BEGIN Information supplied

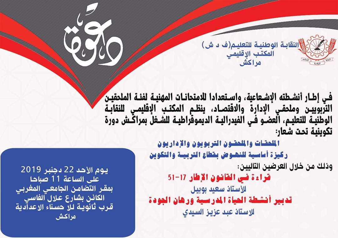 في إطار أنشطتها الاشعاعية، واستعدادا للامتحانات المهنية لفئة الملحقين التربويين وملحقي الادارة والاقتصاد، ينظم المكتب الاقليمي للنقابة الوطنية للتعليم، العضو في الفيدرالية الديمقراطية للشغل دورة تكوينية لنساء ورجال التعليم من هذه الفئة تحت شعار:
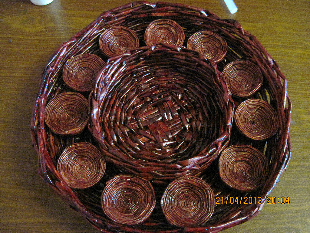 Сколько себя помню, я всегда вязала, вышивала, рисовала, лепила из глины, соленого теста, плела изделия из бумажной лозы, делала топиарии, мне всё интересно. Сегодня покажу одно из моих увлечений - плетение из бумажной лозы. Увидев в интернете изделия из бумажных трубочек мне тоже захотелось попробовать что-нибудь сплести. Накрутила трубочек и даже наплела самых простых корзиночек-вазочек, но вот в увлечение это не переросло, всё таки больше всего люблю вязать)) Фотографий осталось мало, готовых работ тоже, всё раздарено и даже что то продано)) И ещё несколько работ, корзинка в виде курочки "жива" у меня до сих пор)) Я считаю, что абсолютно у каждого человека, не зависимо от возраста должно быть любимое занятие, которое открывает в каждом человеке лучшие качества, заставляет его шагать вперёд, развиваться как умственно, так и оттачивать свои навык на физическом уровне и приобретать новые умения)) Рада всем кто зашёл, читал, огромное спасибо тем, кто комментировал)) Подписывайтесь на
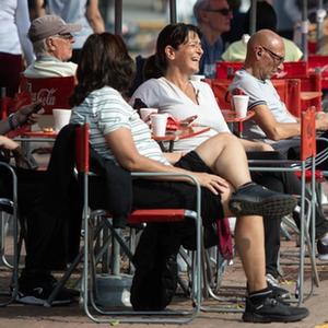 8月6日,人們在阿根廷首都布宜諾斯艾利斯的一處露天餐館用餐。

END Information supplied

[Goal of the exercise] Pictures aside, transcribe exactly the lines from the line containing "Сколько себя помню, я" through the final line of the material above.

[Response to this task]
 Сколько себя помню, я всегда вязала, вышивала, рисовала, лепила из глины, соленого теста, плела изделия из бумажной лозы, делала топиарии, мне всё интересно. Сегодня покажу одно из моих увлечений - плетение из бумажной лозы. Увидев в интернете изделия из бумажных трубочек мне тоже захотелось попробовать что-нибудь сплести. Накрутила трубочек и даже наплела самых простых корзиночек-вазочек, но вот в увлечение это не переросло, всё таки больше всего люблю вязать)) Фотографий осталось мало, готовых работ тоже, всё раздарено и даже что то продано)) И ещё несколько работ, корзинка в виде курочки "жива" у меня до сих пор)) Я считаю, что абсолютно у каждого человека, не зависимо от возраста должно быть любимое занятие, которое открывает в каждом человеке лучшие качества, заставляет его шагать вперёд, развиваться как умственно, так и оттачивать свои навык на физическом уровне и приобретать новые умения)) Рада всем кто зашёл, читал, огромное спасибо тем, кто комментировал)) Подписывайтесь на
 8月6日,人們在阿根廷首都布宜諾斯艾利斯的一處露天餐館用餐。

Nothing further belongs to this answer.